| Task to complete |
Dropping every picture, set down exactly the lines in the entries below, starting with the line with "14k White Gold" and going on through the line with "Brewed Low &".

| Information provided |
- - -

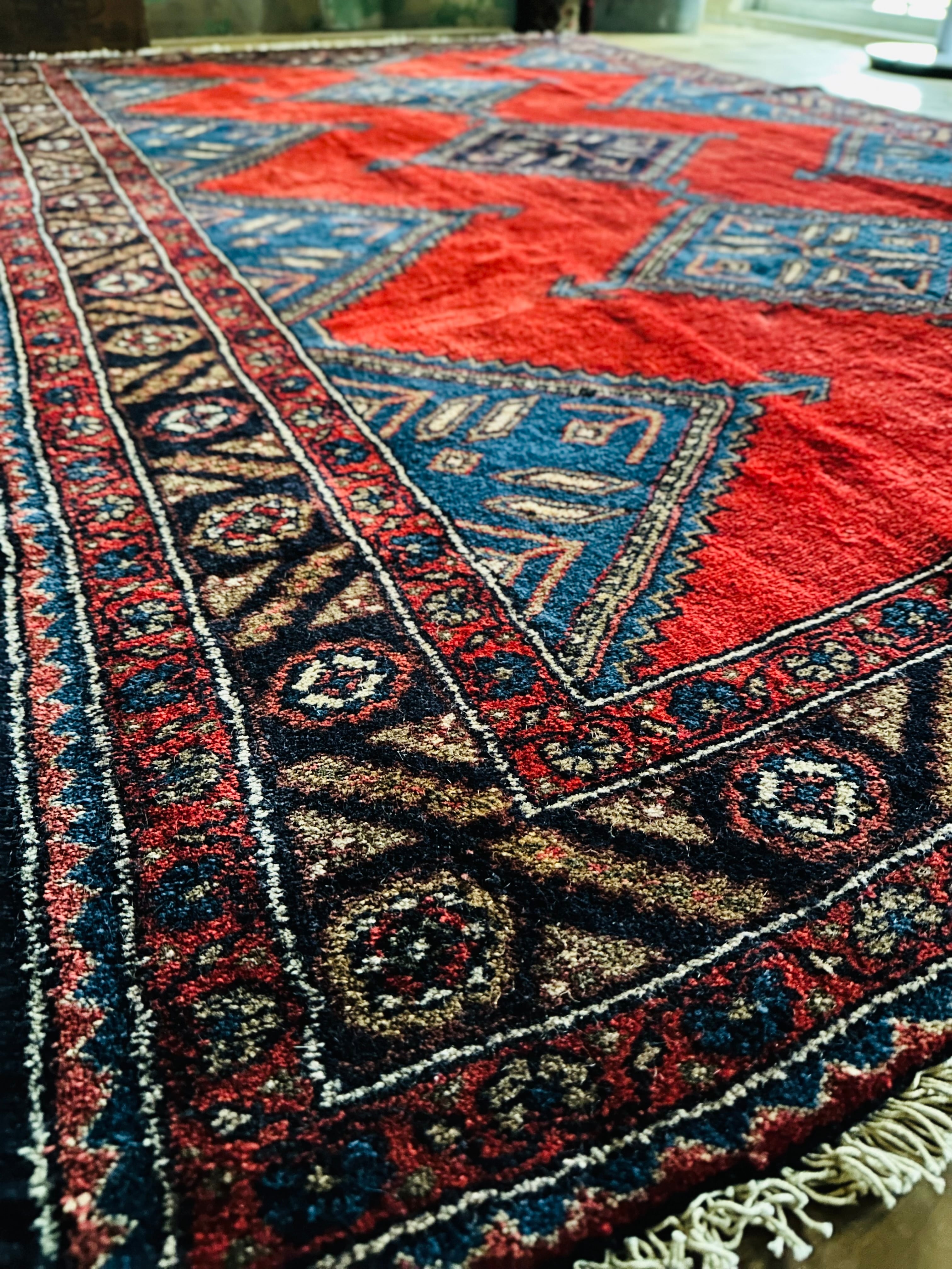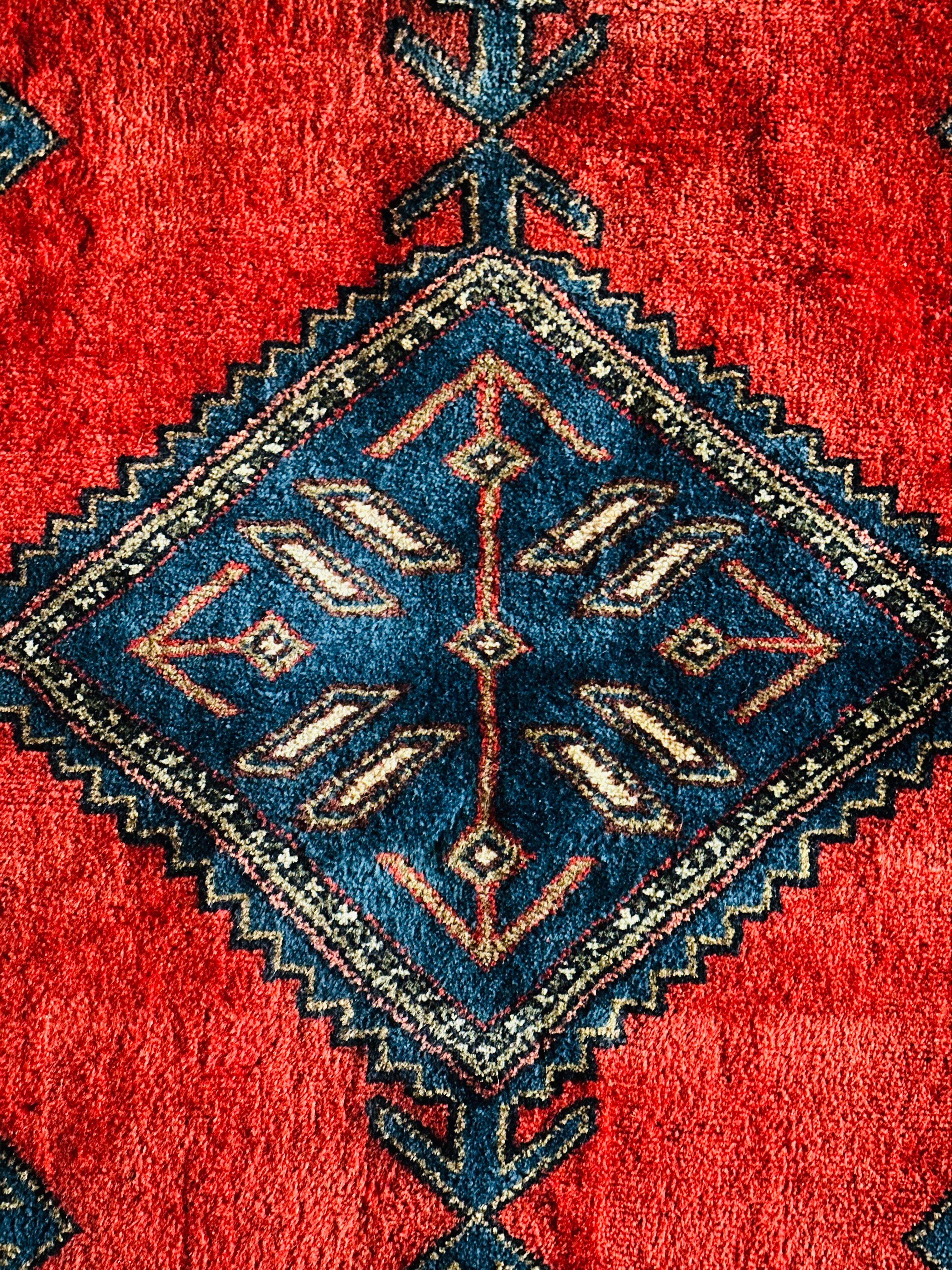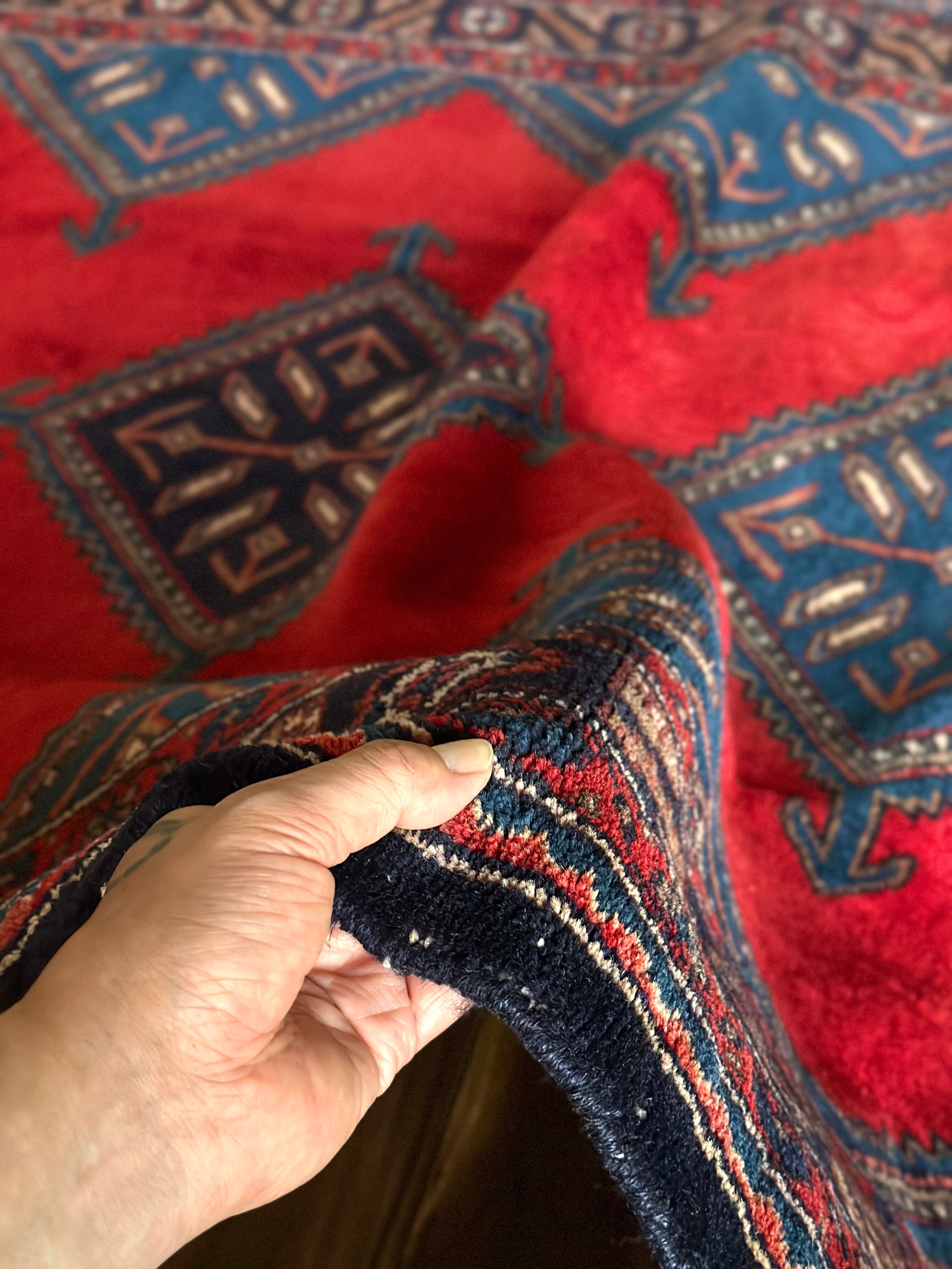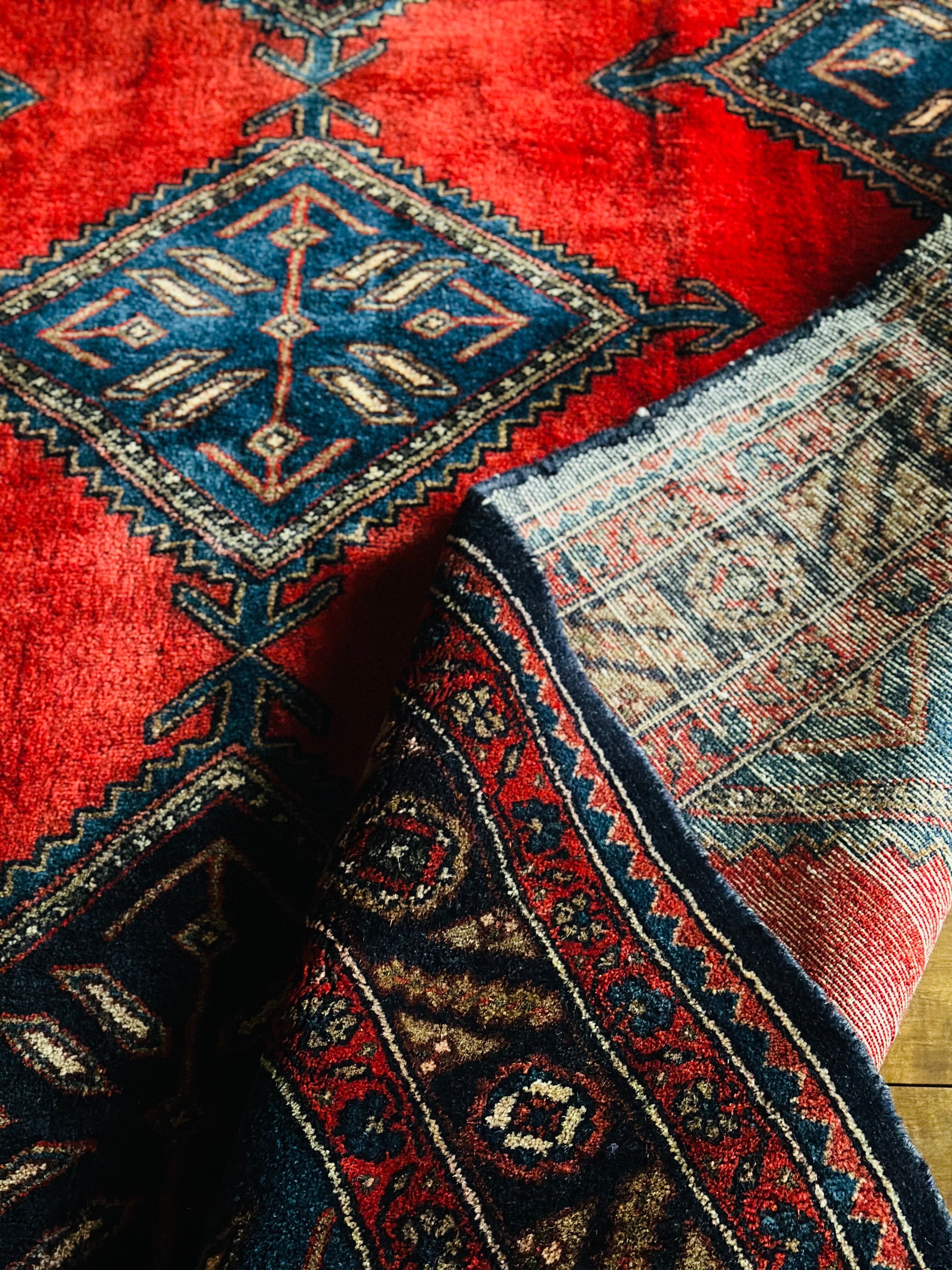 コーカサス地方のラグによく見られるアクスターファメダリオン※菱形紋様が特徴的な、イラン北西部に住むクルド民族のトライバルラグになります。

- - -

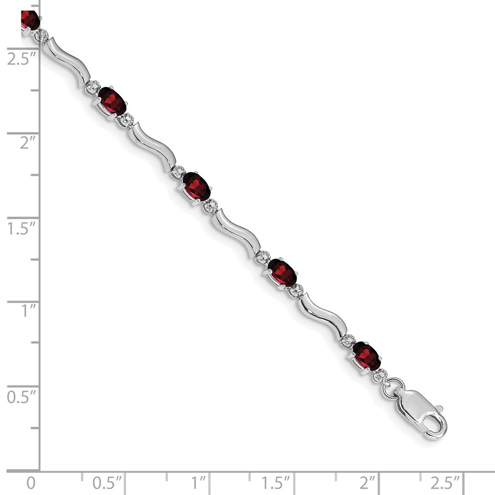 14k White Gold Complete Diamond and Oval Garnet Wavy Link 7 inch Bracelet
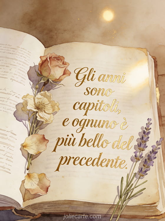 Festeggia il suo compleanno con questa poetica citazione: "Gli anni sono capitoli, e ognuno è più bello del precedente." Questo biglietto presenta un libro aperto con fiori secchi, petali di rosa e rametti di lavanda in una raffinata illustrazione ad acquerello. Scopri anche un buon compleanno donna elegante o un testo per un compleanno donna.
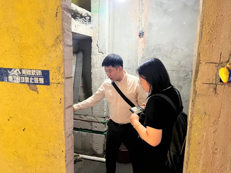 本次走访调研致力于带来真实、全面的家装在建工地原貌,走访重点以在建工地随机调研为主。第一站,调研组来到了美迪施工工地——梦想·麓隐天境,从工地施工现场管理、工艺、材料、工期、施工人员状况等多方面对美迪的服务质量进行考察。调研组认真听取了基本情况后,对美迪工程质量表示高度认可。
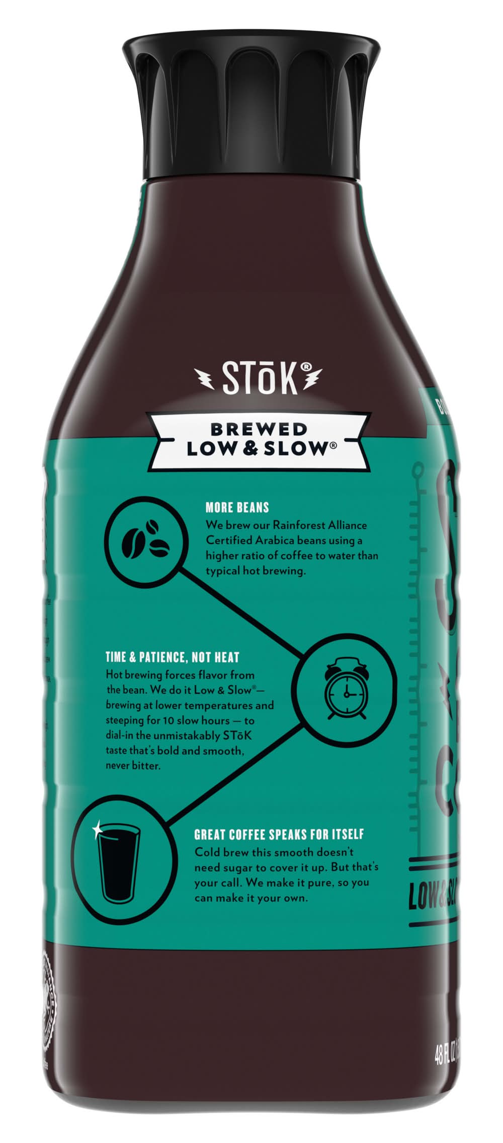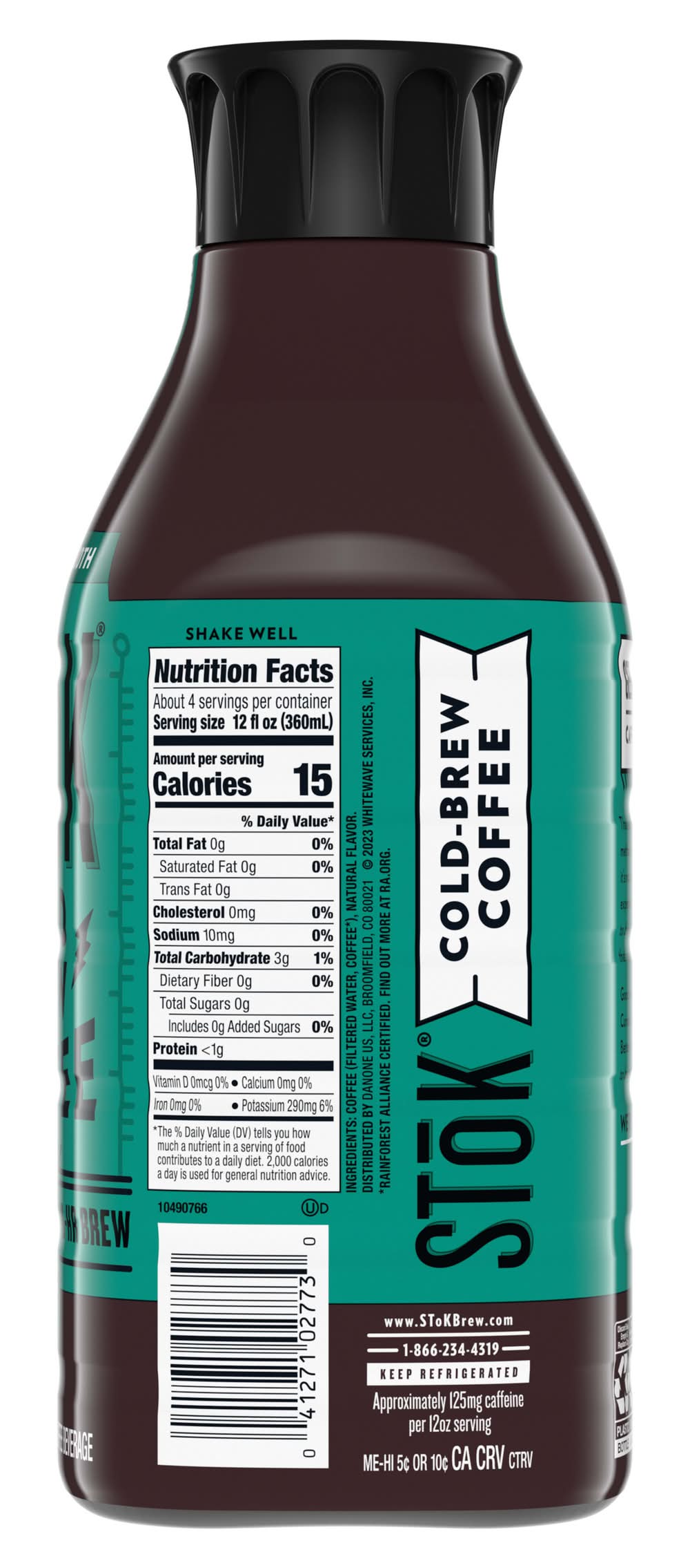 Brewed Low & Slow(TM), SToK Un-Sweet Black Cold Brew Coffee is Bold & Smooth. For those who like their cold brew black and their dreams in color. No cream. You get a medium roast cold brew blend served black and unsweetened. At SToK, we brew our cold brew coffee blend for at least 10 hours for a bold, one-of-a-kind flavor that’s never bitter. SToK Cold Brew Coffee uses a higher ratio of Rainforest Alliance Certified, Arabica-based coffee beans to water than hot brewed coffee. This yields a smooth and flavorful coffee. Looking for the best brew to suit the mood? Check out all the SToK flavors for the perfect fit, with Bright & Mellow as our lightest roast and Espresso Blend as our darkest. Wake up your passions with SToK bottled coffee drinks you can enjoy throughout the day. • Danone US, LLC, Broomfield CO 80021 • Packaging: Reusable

- - -

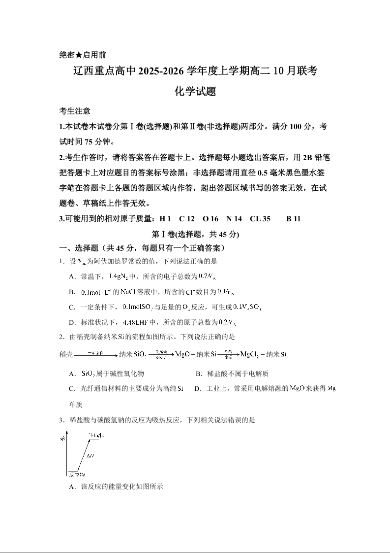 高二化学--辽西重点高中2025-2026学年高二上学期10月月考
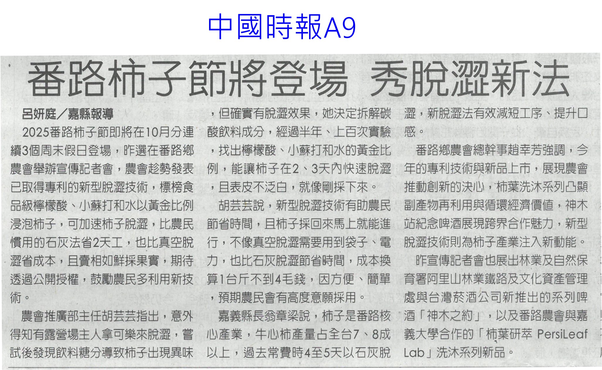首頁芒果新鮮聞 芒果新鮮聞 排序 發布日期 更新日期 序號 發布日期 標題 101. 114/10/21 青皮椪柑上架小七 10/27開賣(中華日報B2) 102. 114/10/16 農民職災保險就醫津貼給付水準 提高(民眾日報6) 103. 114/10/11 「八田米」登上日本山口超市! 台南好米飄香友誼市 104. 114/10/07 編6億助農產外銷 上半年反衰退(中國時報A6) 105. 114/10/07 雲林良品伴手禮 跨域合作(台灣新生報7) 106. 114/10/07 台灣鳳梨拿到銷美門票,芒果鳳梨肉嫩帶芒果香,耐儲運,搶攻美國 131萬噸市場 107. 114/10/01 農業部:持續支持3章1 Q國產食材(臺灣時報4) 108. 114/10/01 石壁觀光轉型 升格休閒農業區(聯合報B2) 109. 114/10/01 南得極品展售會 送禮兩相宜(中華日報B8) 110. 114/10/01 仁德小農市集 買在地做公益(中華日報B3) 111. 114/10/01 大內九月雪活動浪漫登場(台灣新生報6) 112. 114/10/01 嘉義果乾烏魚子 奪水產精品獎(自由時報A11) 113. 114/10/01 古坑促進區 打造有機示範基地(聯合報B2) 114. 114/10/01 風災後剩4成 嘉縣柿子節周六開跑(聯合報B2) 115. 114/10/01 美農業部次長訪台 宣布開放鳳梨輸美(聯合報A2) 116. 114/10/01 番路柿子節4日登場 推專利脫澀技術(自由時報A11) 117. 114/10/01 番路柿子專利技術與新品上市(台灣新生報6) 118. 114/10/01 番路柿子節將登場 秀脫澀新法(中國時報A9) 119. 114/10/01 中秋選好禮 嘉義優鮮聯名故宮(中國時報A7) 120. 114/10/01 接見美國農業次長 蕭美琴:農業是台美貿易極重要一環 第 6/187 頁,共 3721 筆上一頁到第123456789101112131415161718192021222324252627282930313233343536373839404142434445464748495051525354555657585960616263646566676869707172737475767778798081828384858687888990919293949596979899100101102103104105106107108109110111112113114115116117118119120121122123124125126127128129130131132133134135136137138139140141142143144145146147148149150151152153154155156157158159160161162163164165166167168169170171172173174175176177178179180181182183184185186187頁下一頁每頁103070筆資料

- - -

| Written answer |
 14k White Gold Complete Diamond and Oval Garnet Wavy Link 7 inch Bracelet
 Festeggia il suo compleanno con questa poetica citazione: "Gli anni sono capitoli, e ognuno è più bello del precedente." Questo biglietto presenta un libro aperto con fiori secchi, petali di rosa e rametti di lavanda in una raffinata illustrazione ad acquerello. Scopri anche un buon compleanno donna elegante o un testo per un compleanno donna.
 本次走访调研致力于带来真实、全面的家装在建工地原貌,走访重点以在建工地随机调研为主。第一站,调研组来到了美迪施工工地——梦想·麓隐天境,从工地施工现场管理、工艺、材料、工期、施工人员状况等多方面对美迪的服务质量进行考察。调研组认真听取了基本情况后,对美迪工程质量表示高度认可。
 Brewed Low & Slow(TM), SToK Un-Sweet Black Cold Brew Coffee is Bold & Smooth. For those who like their cold brew black and their dreams in color. No cream. You get a medium roast cold brew blend served black and unsweetened. At SToK, we brew our cold brew coffee blend for at least 10 hours for a bold, one-of-a-kind flavor that’s never bitter. SToK Cold Brew Coffee uses a higher ratio of Rainforest Alliance Certified, Arabica-based coffee beans to water than hot brewed coffee. This yields a smooth and flavorful coffee. Looking for the best brew to suit the mood? Check out all the SToK flavors for the perfect fit, with Bright & Mellow as our lightest roast and Espresso Blend as our darkest. Wake up your passions with SToK bottled coffee drinks you can enjoy throughout the day. • Danone US, LLC, Broomfield CO 80021 • Packaging: Reusable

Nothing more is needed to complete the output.